Assess how variations in ribosome composition structurally regulate translation

 

Assess how variations in ribosome composition structurally regulate translation

Central to dissecting the common mechanisms of translational regulation by specialised ribosomes, and something currently missing for most specialised ribosomes, is an understanding of the structural impact of specialisation on translation regulation. This will be addressed in the structure of specialised ribosomes WP, which, combined with the evolutionary analyses and the translational output, will allow us to unravel the molecular mechanisms of ribosome specialisation.Our established structural approach to characterise specialised ribosomes involves: 1) Purifying candidate ribosomes and determining their protein composition, including the identity and stoichiometry of protein subunits that confer specialisation, by quantitative MS (e.g. TMT-MS). And 2) Characterising their structure by cryo-EM, to provide insight into the structural differences that drive specialisation. This workflow has allowed us to unravel composition and structural differences in ribosomal paralogs between Drosophila ribosomes isolated from testes and ovaries, and we will use it during the sLoLa to gain structural information on the specialised ribosomes we will purify. To obtain further information on regions of the ribosome that have been historically challenging, we will adapt structural MS approaches for the study of ribosomes, including native MS, which allows unravelling the stoichiometry and composition of specialised ribosomes, and cross-linking MS, which allows probing for structural/dynamical changes in the ribosome.

Objective 4

Transformative technologies:

 

Develop novel biophysical tools to probe ribosome specialisation.  

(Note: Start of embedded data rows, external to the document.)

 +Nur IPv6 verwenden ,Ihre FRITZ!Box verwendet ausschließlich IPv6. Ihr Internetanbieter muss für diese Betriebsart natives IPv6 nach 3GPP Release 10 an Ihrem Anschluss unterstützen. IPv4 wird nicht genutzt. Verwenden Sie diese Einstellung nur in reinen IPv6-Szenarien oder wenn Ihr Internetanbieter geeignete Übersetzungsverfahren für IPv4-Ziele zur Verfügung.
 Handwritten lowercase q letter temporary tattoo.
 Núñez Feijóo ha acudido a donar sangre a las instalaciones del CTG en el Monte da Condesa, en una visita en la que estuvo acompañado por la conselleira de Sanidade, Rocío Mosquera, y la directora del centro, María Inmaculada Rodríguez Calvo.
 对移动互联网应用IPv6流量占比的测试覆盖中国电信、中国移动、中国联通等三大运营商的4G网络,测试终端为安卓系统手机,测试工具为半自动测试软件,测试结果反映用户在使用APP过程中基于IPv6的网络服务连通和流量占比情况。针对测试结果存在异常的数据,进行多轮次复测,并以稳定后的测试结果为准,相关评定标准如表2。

Transformative technologies:
The aim of this WP is to develop a range of new biophysical tools to probe ribosome specialisation. For example, we will develop novel tools to enhance the functional analysis of ribosomal complexes and to complement and enrich the structural characterisation delivered by WP3. 

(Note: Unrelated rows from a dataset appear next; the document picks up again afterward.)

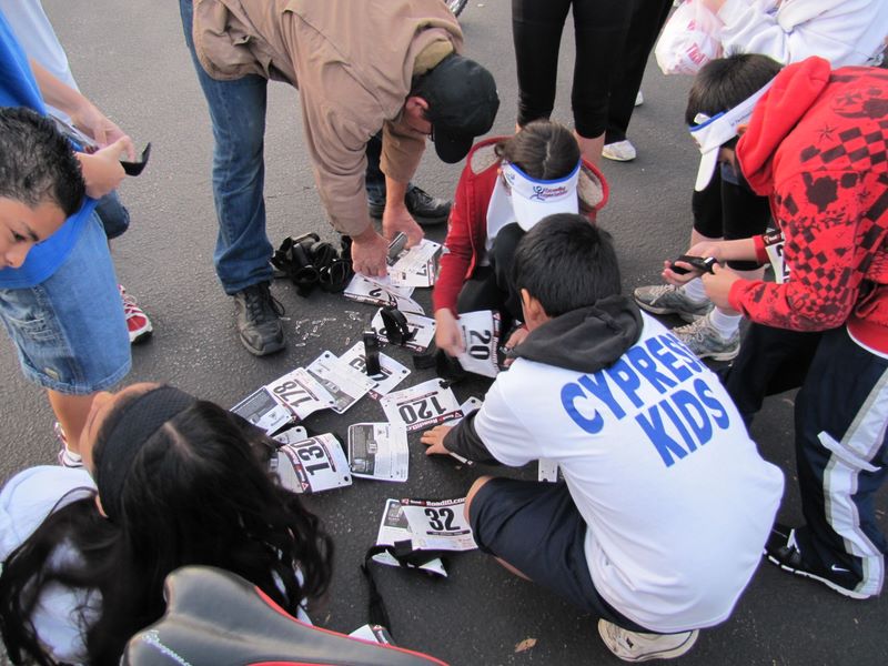 Redlands -- A solution to the usual registration chaos: "Everybody find your own race number and timing chip!"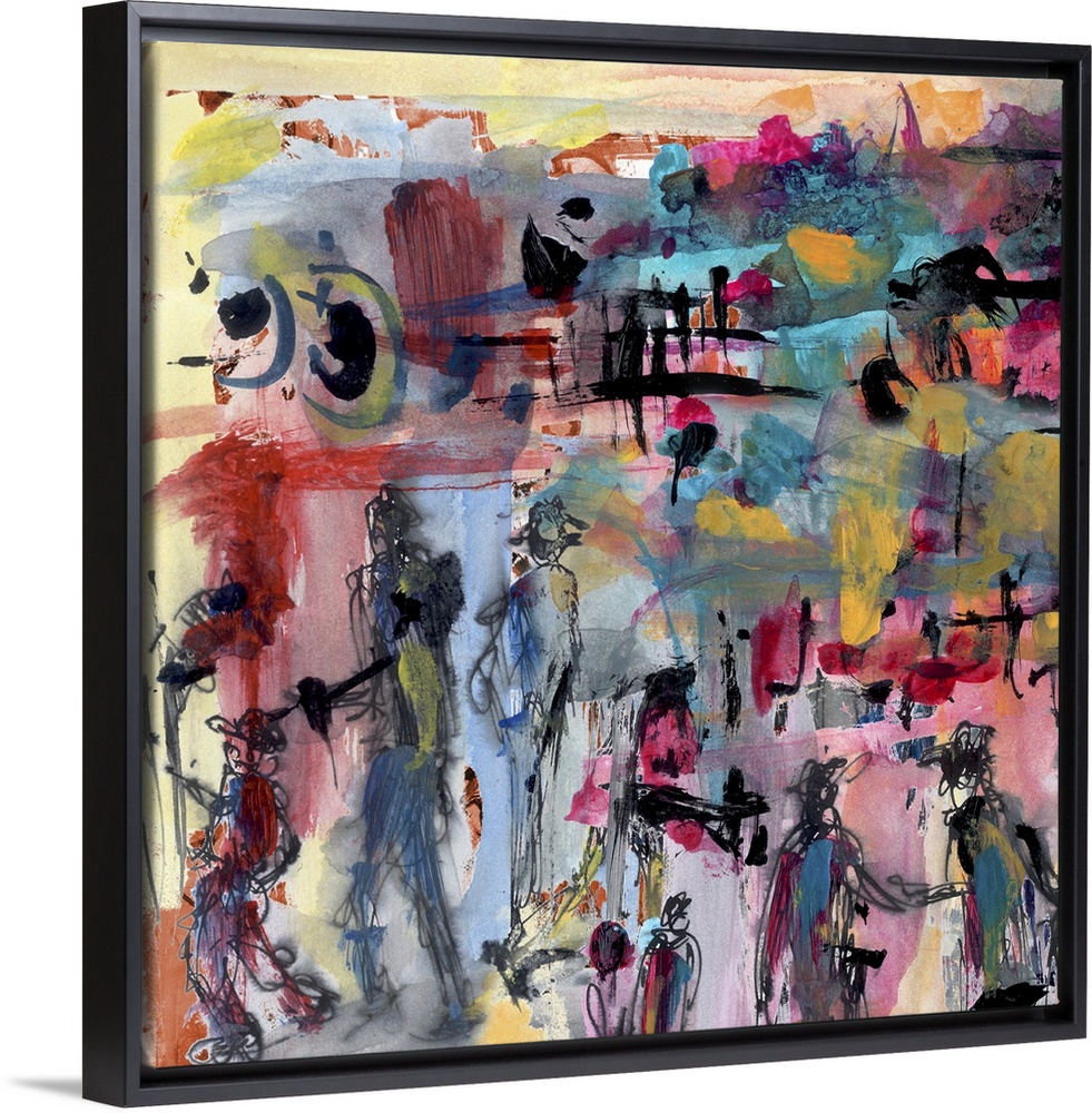 <p>Abstract acrylic painting with figures, artistic background.</p>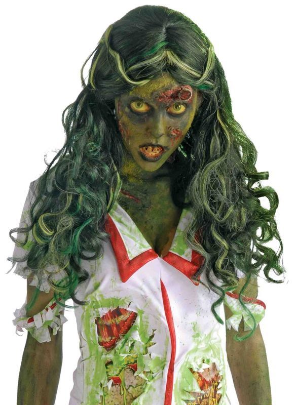 Парик зомби-фельдшера добавит в ваш костюм нежити идеальный штрих. Этот парик выглядит так, будто волосы могли быть роскошными и здоровыми. Но их цвет говорит о том, что их владелица больной зомби. Парик выполнен в различных оттенках зелёного цвета, а также в серых цветах, что придают парику больного зомби впечатляющий и жуткий вид.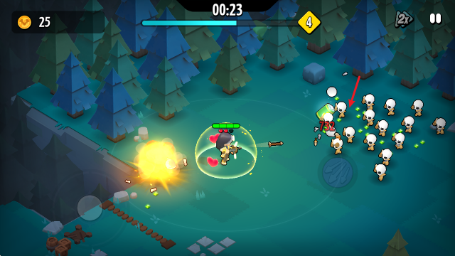 1、黑夜中,拖动摇杆控制角色移动,消灭靠近的敌人,并且会掉落经验。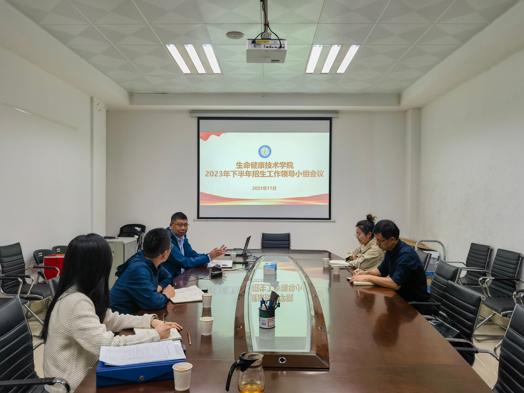 召开2023年下半年招生工作领导小组会议。学院党委书记谢炯标、党委副书记葛金虎、副院长邓见光、辅导员杨梅青、教务员刘紫瑶参与本次会议。
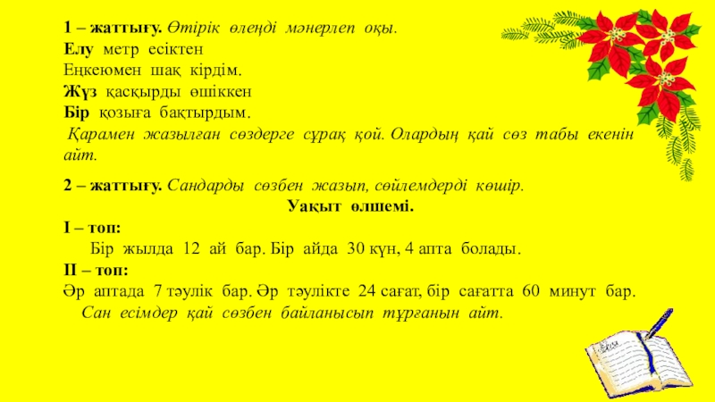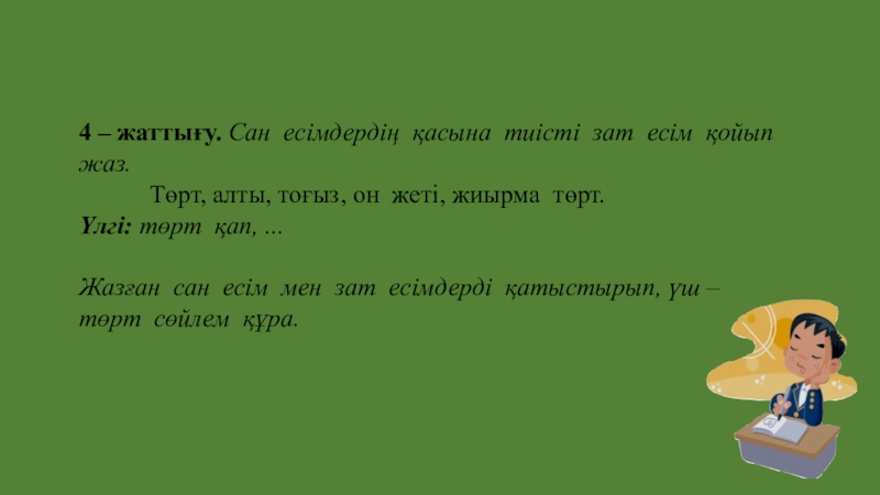 Слайд 164 – жаттығу. Сан есімдердің қасына тиісті зат есім қойып жаз.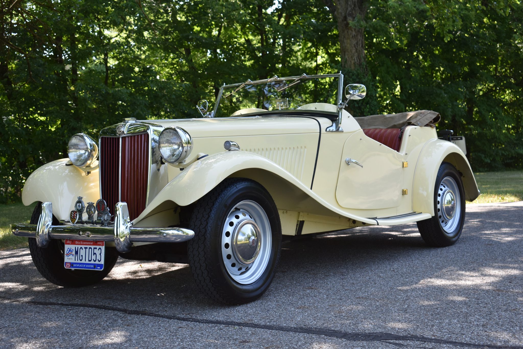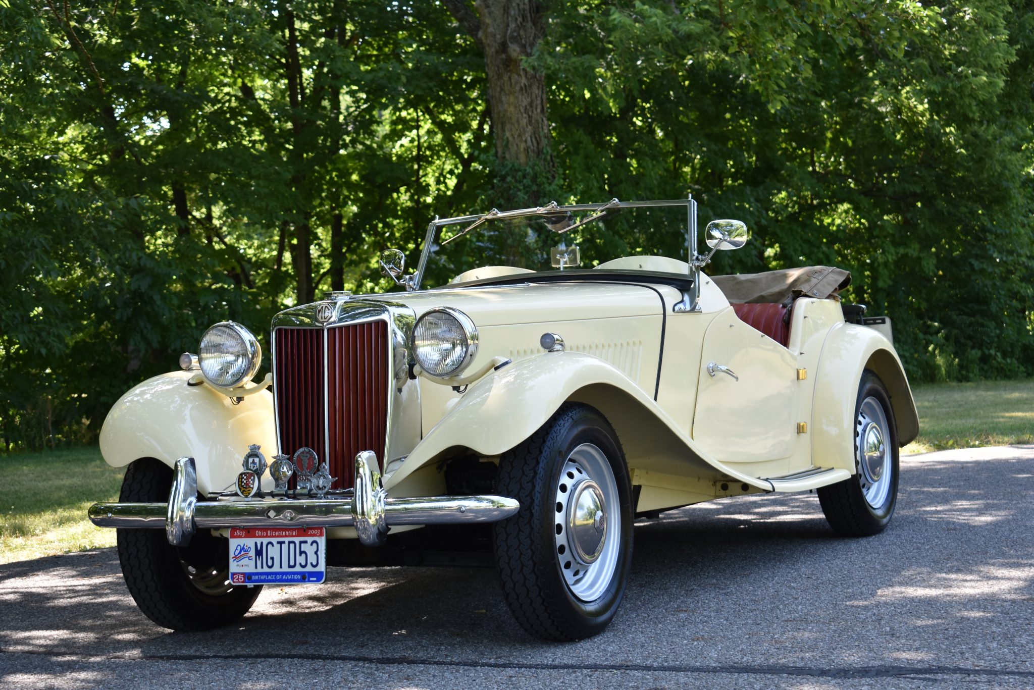 The steel wheels were refinished in silver and fitted with Vredestein Spring Classic tires in 2017. Chrome MG-branded hub caps are fitted all around, including on the rear-mounted spare.

One of the challenges in dissecting specialised ribosomes is small sample size, given their

tissue/developmental time-point specific formation. We will develop a solid-state nanopore platform to tackle this limitation by enabling ribosome analysis with single entity resolution (Raveendran et al, ACS Sensors, 2020).

To test the ability of specialised ribosomes from one species to regulate translation in another, we will develop a nanoinjection platform based on nanopipettes to introduce ribosomes into naïve cells to investigate any translation reprogramming using state-of-the-art single cell proteomics approaches.

Finally, we will generate a database platform which integrate the data types for specialised ribosomes in different species across all WPs. The database will be made freely available to the scientific community to maximise the impact of our results.